Fuel economy of new light vehicles, together with average annual oil price (expressed in $2008). Source: EPA for fuel economy statistics, BP for oil prices, with estimate for 2009 based on data through November
Above is the trend in new vehicle fuel economy in the US. This is in contrast to the deployed fuel economy chart in Monday's piece. Obviously, the fuel economy of the entire deployed fleet is a complex function - involving the weighted average of the fuel economy of individual new vehicles declines over time, together with some function expressing how fuel economy of individual vehicles over time.
A few points:
- New vehicle fuel economy has improved a bit as a result of the oil price spike of 2005-2008 (but not enough to show through into the whole fleet numbers as we saw).
- The response is much poorer than during the 1970s. People have not gotten serious about this.
- The 2009 data for fuel economy already show a leveling off. As soon as oil prices fell from the 2008 heights, people gave up the effort to start improving fuel economy.
- The cash-for-clunkers program was not powerful enough to markedly improve the situation in 2009.
- The new car fuel economy trend has not provided any basis for large (4%+) sustained increases in deployed fleet fuel economy.

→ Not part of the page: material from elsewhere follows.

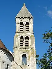 Le second et le troisième étage sont en grande partie identiques, ce qui contribue à l'harmonie du clocher, mais l'architecte a bien sûr évité une répétition pure et simple : des colonnettes d'angle munies de chapiteaux se substituent aux contreforts, et les deux étages sont séparés d'un bandeau formé par deux tores séparés d'un mince filet, en lieu et place du cordon de billettes. Les étages supérieurs sont ajourés, sur chaque face, de deux baies en plein cintre gémellées. Elles sont cantonnées chacune de deux colonnettes à chapiteaux, dont celles aux extrémités s'approchent de quelques dizaines de centimètres des contreforts : les baies occupent donc beaucoup de place, ce qui contribue à l'effet de légèreté mentionné ci-dessus. Les deux colonnettes centrales du premier étage ont les fûts accolés, et un peu plus minces que les autres. Il est à souligner que les fûts sont monolithiques, ou assemblés de deux longs segments, ce qui est loin d'être la règle, et augmente toujours l'élégance. Les chapiteaux sont tous à volutes d'angle, auxquelles s'ajoutent des palmettes de différents types, des feuilles simples et des motifs déjà observés sur les tailloirs. Du reste, les tailloirs ont toujours le même profil sommaire que les impostes des grandes arcades. Au second étage, les colonnettes d'extrémité d'un couple de baies et les colonnettes d'angle se partagent le même tailloir, et le biseau des tailloirs du second étage est garni de billettes. Les fenêtres sont légèrement plus larges, et les colonnettes centrales ne sont pas accolées, car il y a davantage de place grâce à l'absence des contreforts. Le second étage se termine par une corniche analogue à celle de la nef, mais les modillons sont irrégulièrement espacés et font nettement saillie devant le mur, ce qui est particulièrement bien visible aux angles. La pyramide servant de toit n'est pas ajourée, et sommée d'une sorte de fleuron[42].

So, going back to the egregious CNN piece:
The energy intensity of the U.S. economy has actually dropped by about 2% a year every year since the early 1980s. In the next couple of years Deutsche Bank expects it to decline by around 3% as people buy more fuel efficient cars and respond in other ways to the high prices of 2004-2008This can't be used as a justification for why prices will go down! People will only make those efficiency gains if prices stay high or go higher. It doesn't make any sense.